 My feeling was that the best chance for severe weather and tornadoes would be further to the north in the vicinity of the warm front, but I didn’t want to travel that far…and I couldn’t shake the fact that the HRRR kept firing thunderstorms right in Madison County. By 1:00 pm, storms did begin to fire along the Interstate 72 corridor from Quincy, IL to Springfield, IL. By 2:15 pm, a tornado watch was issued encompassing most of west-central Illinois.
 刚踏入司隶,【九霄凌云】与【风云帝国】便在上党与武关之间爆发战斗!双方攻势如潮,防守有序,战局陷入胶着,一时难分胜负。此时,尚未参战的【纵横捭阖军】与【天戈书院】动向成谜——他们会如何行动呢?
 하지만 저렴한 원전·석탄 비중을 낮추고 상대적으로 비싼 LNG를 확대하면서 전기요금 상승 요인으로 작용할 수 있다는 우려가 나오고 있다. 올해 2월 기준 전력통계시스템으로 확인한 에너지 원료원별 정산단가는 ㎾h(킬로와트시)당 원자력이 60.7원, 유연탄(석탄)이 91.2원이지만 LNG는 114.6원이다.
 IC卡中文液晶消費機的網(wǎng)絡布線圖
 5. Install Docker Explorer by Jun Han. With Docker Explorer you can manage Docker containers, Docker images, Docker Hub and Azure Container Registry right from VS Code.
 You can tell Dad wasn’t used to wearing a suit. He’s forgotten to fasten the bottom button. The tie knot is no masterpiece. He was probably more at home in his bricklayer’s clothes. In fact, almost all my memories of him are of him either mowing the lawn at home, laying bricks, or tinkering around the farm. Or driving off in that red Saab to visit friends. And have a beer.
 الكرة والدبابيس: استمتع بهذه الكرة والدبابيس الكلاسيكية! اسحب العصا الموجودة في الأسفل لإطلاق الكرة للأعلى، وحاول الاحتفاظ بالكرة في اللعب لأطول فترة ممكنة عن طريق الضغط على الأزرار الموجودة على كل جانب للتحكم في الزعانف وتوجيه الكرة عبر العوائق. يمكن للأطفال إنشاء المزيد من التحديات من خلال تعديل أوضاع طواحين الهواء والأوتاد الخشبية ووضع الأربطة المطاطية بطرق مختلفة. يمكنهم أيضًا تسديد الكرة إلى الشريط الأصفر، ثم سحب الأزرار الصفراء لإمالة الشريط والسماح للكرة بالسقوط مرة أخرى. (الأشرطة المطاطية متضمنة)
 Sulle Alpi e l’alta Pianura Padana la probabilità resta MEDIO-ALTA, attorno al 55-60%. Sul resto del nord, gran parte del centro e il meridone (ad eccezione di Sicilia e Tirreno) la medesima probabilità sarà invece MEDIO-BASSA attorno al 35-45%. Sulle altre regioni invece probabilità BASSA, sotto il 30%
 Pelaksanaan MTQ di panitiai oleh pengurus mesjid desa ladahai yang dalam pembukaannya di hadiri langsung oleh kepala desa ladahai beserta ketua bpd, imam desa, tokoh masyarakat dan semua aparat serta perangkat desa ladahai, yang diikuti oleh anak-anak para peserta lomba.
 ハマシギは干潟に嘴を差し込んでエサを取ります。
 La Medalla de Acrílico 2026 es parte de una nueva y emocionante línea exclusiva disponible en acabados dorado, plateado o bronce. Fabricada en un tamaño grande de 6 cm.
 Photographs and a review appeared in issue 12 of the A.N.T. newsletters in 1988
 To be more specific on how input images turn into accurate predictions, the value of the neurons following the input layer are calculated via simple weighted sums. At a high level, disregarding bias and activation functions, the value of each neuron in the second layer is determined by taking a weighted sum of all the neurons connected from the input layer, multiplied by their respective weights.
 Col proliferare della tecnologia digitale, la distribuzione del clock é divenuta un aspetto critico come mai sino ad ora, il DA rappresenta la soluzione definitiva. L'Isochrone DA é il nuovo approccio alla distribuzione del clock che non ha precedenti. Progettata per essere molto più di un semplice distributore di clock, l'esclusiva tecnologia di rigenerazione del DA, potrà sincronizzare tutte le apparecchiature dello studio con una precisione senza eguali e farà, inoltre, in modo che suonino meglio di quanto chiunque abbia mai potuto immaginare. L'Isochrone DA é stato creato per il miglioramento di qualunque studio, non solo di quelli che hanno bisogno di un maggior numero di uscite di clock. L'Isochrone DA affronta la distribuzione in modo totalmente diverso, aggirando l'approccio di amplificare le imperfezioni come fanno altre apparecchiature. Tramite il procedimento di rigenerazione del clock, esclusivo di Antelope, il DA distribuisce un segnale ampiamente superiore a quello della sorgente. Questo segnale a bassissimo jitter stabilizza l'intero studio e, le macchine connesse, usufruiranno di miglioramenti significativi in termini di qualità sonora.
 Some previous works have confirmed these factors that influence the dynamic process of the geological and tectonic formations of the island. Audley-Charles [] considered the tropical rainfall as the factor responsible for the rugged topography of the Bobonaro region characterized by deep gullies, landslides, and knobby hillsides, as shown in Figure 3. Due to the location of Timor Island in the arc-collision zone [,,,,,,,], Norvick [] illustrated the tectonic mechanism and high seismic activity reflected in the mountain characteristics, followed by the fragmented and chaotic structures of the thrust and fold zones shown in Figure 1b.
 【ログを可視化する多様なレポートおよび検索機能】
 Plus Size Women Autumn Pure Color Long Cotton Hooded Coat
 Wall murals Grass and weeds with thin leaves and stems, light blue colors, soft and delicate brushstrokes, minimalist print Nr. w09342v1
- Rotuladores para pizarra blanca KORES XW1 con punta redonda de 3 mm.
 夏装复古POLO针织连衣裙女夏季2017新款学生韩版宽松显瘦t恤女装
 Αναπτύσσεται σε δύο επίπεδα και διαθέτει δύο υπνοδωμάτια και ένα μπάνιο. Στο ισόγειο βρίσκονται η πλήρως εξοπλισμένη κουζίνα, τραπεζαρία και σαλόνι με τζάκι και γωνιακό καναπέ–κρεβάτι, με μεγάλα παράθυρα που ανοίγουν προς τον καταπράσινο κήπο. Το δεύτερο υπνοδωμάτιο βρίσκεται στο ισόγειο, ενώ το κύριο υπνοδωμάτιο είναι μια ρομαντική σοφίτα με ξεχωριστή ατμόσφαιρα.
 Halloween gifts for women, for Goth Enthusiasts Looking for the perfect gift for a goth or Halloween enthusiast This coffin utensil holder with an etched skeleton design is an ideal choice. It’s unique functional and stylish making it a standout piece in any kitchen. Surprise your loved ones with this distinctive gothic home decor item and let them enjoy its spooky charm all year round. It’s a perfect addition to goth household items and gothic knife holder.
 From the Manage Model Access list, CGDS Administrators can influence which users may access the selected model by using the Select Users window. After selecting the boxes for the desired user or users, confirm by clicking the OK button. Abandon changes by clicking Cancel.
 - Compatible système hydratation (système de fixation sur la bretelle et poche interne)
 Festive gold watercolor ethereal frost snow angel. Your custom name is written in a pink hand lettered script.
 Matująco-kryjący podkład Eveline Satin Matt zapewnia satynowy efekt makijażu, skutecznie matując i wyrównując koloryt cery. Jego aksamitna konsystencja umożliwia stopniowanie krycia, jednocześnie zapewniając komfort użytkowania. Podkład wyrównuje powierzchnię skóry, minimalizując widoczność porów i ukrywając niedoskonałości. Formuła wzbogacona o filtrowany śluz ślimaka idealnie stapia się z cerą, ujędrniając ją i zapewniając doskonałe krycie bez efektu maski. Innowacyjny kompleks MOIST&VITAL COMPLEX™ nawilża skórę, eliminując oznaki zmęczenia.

● **EXERCISE INSTRUCTIONS**:
From the first line to the last, retype the records exactly as they stand above.

● **ANSWER SPACE**:
 My feeling was that the best chance for severe weather and tornadoes would be further to the north in the vicinity of the warm front, but I didn’t want to travel that far…and I couldn’t shake the fact that the HRRR kept firing thunderstorms right in Madison County. By 1:00 pm, storms did begin to fire along the Interstate 72 corridor from Quincy, IL to Springfield, IL. By 2:15 pm, a tornado watch was issued encompassing most of west-central Illinois.
 刚踏入司隶,【九霄凌云】与【风云帝国】便在上党与武关之间爆发战斗!双方攻势如潮,防守有序,战局陷入胶着,一时难分胜负。此时,尚未参战的【纵横捭阖军】与【天戈书院】动向成谜——他们会如何行动呢?
 하지만 저렴한 원전·석탄 비중을 낮추고 상대적으로 비싼 LNG를 확대하면서 전기요금 상승 요인으로 작용할 수 있다는 우려가 나오고 있다. 올해 2월 기준 전력통계시스템으로 확인한 에너지 원료원별 정산단가는 ㎾h(킬로와트시)당 원자력이 60.7원, 유연탄(석탄)이 91.2원이지만 LNG는 114.6원이다.
 IC卡中文液晶消費機的網(wǎng)絡布線圖
 5. Install Docker Explorer by Jun Han. With Docker Explorer you can manage Docker containers, Docker images, Docker Hub and Azure Container Registry right from VS Code.
 You can tell Dad wasn’t used to wearing a suit. He’s forgotten to fasten the bottom button. The tie knot is no masterpiece. He was probably more at home in his bricklayer’s clothes. In fact, almost all my memories of him are of him either mowing the lawn at home, laying bricks, or tinkering around the farm. Or driving off in that red Saab to visit friends. And have a beer.
 الكرة والدبابيس: استمتع بهذه الكرة والدبابيس الكلاسيكية! اسحب العصا الموجودة في الأسفل لإطلاق الكرة للأعلى، وحاول الاحتفاظ بالكرة في اللعب لأطول فترة ممكنة عن طريق الضغط على الأزرار الموجودة على كل جانب للتحكم في الزعانف وتوجيه الكرة عبر العوائق. يمكن للأطفال إنشاء المزيد من التحديات من خلال تعديل أوضاع طواحين الهواء والأوتاد الخشبية ووضع الأربطة المطاطية بطرق مختلفة. يمكنهم أيضًا تسديد الكرة إلى الشريط الأصفر، ثم سحب الأزرار الصفراء لإمالة الشريط والسماح للكرة بالسقوط مرة أخرى. (الأشرطة المطاطية متضمنة)
 Sulle Alpi e l’alta Pianura Padana la probabilità resta MEDIO-ALTA, attorno al 55-60%. Sul resto del nord, gran parte del centro e il meridone (ad eccezione di Sicilia e Tirreno) la medesima probabilità sarà invece MEDIO-BASSA attorno al 35-45%. Sulle altre regioni invece probabilità BASSA, sotto il 30%
 Pelaksanaan MTQ di panitiai oleh pengurus mesjid desa ladahai yang dalam pembukaannya di hadiri langsung oleh kepala desa ladahai beserta ketua bpd, imam desa, tokoh masyarakat dan semua aparat serta perangkat desa ladahai, yang diikuti oleh anak-anak para peserta lomba.
 ハマシギは干潟に嘴を差し込んでエサを取ります。
 La Medalla de Acrílico 2026 es parte de una nueva y emocionante línea exclusiva disponible en acabados dorado, plateado o bronce. Fabricada en un tamaño grande de 6 cm.
 Photographs and a review appeared in issue 12 of the A.N.T. newsletters in 1988
 To be more specific on how input images turn into accurate predictions, the value of the neurons following the input layer are calculated via simple weighted sums. At a high level, disregarding bias and activation functions, the value of each neuron in the second layer is determined by taking a weighted sum of all the neurons connected from the input layer, multiplied by their respective weights.
 Col proliferare della tecnologia digitale, la distribuzione del clock é divenuta un aspetto critico come mai sino ad ora, il DA rappresenta la soluzione definitiva. L'Isochrone DA é il nuovo approccio alla distribuzione del clock che non ha precedenti. Progettata per essere molto più di un semplice distributore di clock, l'esclusiva tecnologia di rigenerazione del DA, potrà sincronizzare tutte le apparecchiature dello studio con una precisione senza eguali e farà, inoltre, in modo che suonino meglio di quanto chiunque abbia mai potuto immaginare. L'Isochrone DA é stato creato per il miglioramento di qualunque studio, non solo di quelli che hanno bisogno di un maggior numero di uscite di clock. L'Isochrone DA affronta la distribuzione in modo totalmente diverso, aggirando l'approccio di amplificare le imperfezioni come fanno altre apparecchiature. Tramite il procedimento di rigenerazione del clock, esclusivo di Antelope, il DA distribuisce un segnale ampiamente superiore a quello della sorgente. Questo segnale a bassissimo jitter stabilizza l'intero studio e, le macchine connesse, usufruiranno di miglioramenti significativi in termini di qualità sonora.
 Some previous works have confirmed these factors that influence the dynamic process of the geological and tectonic formations of the island. Audley-Charles [] considered the tropical rainfall as the factor responsible for the rugged topography of the Bobonaro region characterized by deep gullies, landslides, and knobby hillsides, as shown in Figure 3. Due to the location of Timor Island in the arc-collision zone [,,,,,,,], Norvick [] illustrated the tectonic mechanism and high seismic activity reflected in the mountain characteristics, followed by the fragmented and chaotic structures of the thrust and fold zones shown in Figure 1b.
 【ログを可視化する多様なレポートおよび検索機能】
 Plus Size Women Autumn Pure Color Long Cotton Hooded Coat
 Wall murals Grass and weeds with thin leaves and stems, light blue colors, soft and delicate brushstrokes, minimalist print Nr. w09342v1
- Rotuladores para pizarra blanca KORES XW1 con punta redonda de 3 mm.
 夏装复古POLO针织连衣裙女夏季2017新款学生韩版宽松显瘦t恤女装
 Αναπτύσσεται σε δύο επίπεδα και διαθέτει δύο υπνοδωμάτια και ένα μπάνιο. Στο ισόγειο βρίσκονται η πλήρως εξοπλισμένη κουζίνα, τραπεζαρία και σαλόνι με τζάκι και γωνιακό καναπέ–κρεβάτι, με μεγάλα παράθυρα που ανοίγουν προς τον καταπράσινο κήπο. Το δεύτερο υπνοδωμάτιο βρίσκεται στο ισόγειο, ενώ το κύριο υπνοδωμάτιο είναι μια ρομαντική σοφίτα με ξεχωριστή ατμόσφαιρα.
 Halloween gifts for women, for Goth Enthusiasts Looking for the perfect gift for a goth or Halloween enthusiast This coffin utensil holder with an etched skeleton design is an ideal choice. It’s unique functional and stylish making it a standout piece in any kitchen. Surprise your loved ones with this distinctive gothic home decor item and let them enjoy its spooky charm all year round. It’s a perfect addition to goth household items and gothic knife holder.
 From the Manage Model Access list, CGDS Administrators can influence which users may access the selected model by using the Select Users window. After selecting the boxes for the desired user or users, confirm by clicking the OK button. Abandon changes by clicking Cancel.
 - Compatible système hydratation (système de fixation sur la bretelle et poche interne)
 Festive gold watercolor ethereal frost snow angel. Your custom name is written in a pink hand lettered script.
 Matująco-kryjący podkład Eveline Satin Matt zapewnia satynowy efekt makijażu, skutecznie matując i wyrównując koloryt cery. Jego aksamitna konsystencja umożliwia stopniowanie krycia, jednocześnie zapewniając komfort użytkowania. Podkład wyrównuje powierzchnię skóry, minimalizując widoczność porów i ukrywając niedoskonałości. Formuła wzbogacona o filtrowany śluz ślimaka idealnie stapia się z cerą, ujędrniając ją i zapewniając doskonałe krycie bez efektu maski. Innowacyjny kompleks MOIST&VITAL COMPLEX™ nawilża skórę, eliminując oznaki zmęczenia.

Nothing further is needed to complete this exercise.